(Task details)
Across all the records, filter for lines with the word "einer" and copy them.

═════ Source material

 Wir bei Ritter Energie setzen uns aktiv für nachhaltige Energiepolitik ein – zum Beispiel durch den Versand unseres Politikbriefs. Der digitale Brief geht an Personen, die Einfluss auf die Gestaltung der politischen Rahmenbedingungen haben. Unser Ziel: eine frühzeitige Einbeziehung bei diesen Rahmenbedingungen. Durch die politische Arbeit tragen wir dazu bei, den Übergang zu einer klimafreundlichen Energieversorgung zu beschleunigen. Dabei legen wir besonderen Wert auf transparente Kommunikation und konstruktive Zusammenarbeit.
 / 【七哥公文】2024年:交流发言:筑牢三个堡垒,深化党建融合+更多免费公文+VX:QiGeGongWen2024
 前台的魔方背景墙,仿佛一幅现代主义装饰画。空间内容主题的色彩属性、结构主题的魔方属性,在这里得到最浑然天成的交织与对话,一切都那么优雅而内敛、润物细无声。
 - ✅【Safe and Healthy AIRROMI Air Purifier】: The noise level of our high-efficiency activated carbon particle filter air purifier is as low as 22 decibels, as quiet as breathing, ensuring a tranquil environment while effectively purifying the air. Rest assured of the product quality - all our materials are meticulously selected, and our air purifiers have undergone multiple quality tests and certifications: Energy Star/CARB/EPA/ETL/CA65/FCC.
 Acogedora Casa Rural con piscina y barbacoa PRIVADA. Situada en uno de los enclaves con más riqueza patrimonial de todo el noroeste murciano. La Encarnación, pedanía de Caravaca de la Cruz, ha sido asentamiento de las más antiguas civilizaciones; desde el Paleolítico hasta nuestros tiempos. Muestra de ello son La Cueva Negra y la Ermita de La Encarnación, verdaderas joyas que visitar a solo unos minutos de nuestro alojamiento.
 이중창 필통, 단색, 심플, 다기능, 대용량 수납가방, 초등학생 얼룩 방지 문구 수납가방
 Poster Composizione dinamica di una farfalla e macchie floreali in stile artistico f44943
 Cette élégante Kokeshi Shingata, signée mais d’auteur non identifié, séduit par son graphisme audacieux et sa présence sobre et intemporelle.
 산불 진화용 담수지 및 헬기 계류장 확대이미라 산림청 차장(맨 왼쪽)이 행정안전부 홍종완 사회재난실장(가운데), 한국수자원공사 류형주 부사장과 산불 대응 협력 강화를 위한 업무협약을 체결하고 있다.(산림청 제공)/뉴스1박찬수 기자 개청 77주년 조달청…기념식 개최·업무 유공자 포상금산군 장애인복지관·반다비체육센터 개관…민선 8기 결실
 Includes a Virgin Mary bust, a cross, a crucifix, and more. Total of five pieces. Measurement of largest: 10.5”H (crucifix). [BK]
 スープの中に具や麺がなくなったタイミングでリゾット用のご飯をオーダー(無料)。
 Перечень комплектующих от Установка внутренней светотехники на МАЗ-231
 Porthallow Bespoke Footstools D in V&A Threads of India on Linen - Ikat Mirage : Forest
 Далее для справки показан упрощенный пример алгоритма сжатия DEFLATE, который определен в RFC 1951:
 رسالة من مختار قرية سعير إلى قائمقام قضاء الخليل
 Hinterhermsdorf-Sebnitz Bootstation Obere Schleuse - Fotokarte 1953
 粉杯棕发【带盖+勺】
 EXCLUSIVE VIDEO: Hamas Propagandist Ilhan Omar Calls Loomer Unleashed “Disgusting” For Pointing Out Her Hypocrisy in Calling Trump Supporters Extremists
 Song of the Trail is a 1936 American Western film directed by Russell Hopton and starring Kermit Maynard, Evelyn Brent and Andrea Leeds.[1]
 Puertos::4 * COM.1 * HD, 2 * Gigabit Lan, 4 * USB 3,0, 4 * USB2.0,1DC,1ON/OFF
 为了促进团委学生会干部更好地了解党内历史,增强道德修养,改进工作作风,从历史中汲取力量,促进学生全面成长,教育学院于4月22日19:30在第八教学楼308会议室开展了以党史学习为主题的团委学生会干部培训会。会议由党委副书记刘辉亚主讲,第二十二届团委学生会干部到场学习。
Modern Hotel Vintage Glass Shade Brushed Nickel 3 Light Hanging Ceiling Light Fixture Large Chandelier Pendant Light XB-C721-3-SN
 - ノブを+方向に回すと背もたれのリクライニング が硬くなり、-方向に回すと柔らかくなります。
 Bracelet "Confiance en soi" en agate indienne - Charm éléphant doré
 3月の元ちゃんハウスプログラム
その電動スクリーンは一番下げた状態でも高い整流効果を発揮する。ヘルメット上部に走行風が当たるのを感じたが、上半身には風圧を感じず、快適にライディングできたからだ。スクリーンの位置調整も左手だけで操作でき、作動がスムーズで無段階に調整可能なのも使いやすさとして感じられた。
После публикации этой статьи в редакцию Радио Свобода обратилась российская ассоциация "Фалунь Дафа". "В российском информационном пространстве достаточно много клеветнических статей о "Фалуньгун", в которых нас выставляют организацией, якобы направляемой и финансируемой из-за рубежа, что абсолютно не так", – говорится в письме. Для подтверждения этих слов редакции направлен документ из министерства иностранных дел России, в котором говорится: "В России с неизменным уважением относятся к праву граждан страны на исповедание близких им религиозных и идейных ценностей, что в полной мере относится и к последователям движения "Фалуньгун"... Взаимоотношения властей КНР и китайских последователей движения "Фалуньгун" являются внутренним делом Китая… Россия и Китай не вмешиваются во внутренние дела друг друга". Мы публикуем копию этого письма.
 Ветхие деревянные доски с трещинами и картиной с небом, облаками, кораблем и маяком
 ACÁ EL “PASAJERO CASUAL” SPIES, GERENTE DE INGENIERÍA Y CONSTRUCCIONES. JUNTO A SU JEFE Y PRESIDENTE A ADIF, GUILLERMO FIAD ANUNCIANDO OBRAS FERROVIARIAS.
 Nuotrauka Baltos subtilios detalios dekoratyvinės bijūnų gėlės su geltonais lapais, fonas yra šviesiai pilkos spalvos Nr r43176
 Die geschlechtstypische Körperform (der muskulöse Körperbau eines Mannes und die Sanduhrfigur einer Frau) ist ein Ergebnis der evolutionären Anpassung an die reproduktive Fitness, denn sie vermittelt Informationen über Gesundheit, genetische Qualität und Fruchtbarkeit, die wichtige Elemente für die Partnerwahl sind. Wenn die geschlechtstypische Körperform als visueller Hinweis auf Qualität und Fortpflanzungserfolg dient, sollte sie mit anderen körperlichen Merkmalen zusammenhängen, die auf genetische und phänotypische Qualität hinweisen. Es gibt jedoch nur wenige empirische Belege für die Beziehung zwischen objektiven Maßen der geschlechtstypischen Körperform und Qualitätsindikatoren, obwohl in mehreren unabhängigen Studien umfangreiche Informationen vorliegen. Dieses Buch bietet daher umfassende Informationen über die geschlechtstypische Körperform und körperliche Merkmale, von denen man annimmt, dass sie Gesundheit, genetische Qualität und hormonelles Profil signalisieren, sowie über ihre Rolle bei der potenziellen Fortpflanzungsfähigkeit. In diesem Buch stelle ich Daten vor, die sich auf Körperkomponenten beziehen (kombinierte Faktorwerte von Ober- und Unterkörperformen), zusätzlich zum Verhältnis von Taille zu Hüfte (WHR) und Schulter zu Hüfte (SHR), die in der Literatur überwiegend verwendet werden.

══════════

(Result of this exercise)
 Wir bei Ritter Energie setzen uns aktiv für nachhaltige Energiepolitik ein – zum Beispiel durch den Versand unseres Politikbriefs. Der digitale Brief geht an Personen, die Einfluss auf die Gestaltung der politischen Rahmenbedingungen haben. Unser Ziel: eine frühzeitige Einbeziehung bei diesen Rahmenbedingungen. Durch die politische Arbeit tragen wir dazu bei, den Übergang zu einer klimafreundlichen Energieversorgung zu beschleunigen. Dabei legen wir besonderen Wert auf transparente Kommunikation und konstruktive Zusammenarbeit.
 Die geschlechtstypische Körperform (der muskulöse Körperbau eines Mannes und die Sanduhrfigur einer Frau) ist ein Ergebnis der evolutionären Anpassung an die reproduktive Fitness, denn sie vermittelt Informationen über Gesundheit, genetische Qualität und Fruchtbarkeit, die wichtige Elemente für die Partnerwahl sind. Wenn die geschlechtstypische Körperform als visueller Hinweis auf Qualität und Fortpflanzungserfolg dient, sollte sie mit anderen körperlichen Merkmalen zusammenhängen, die auf genetische und phänotypische Qualität hinweisen. Es gibt jedoch nur wenige empirische Belege für die Beziehung zwischen objektiven Maßen der geschlechtstypischen Körperform und Qualitätsindikatoren, obwohl in mehreren unabhängigen Studien umfangreiche Informationen vorliegen. Dieses Buch bietet daher umfassende Informationen über die geschlechtstypische Körperform und körperliche Merkmale, von denen man annimmt, dass sie Gesundheit, genetische Qualität und hormonelles Profil signalisieren, sowie über ihre Rolle bei der potenziellen Fortpflanzungsfähigkeit. In diesem Buch stelle ich Daten vor, die sich auf Körperkomponenten beziehen (kombinierte Faktorwerte von Ober- und Unterkörperformen), zusätzlich zum Verhältnis von Taille zu Hüfte (WHR) und Schulter zu Hüfte (SHR), die in der Literatur überwiegend verwendet werden.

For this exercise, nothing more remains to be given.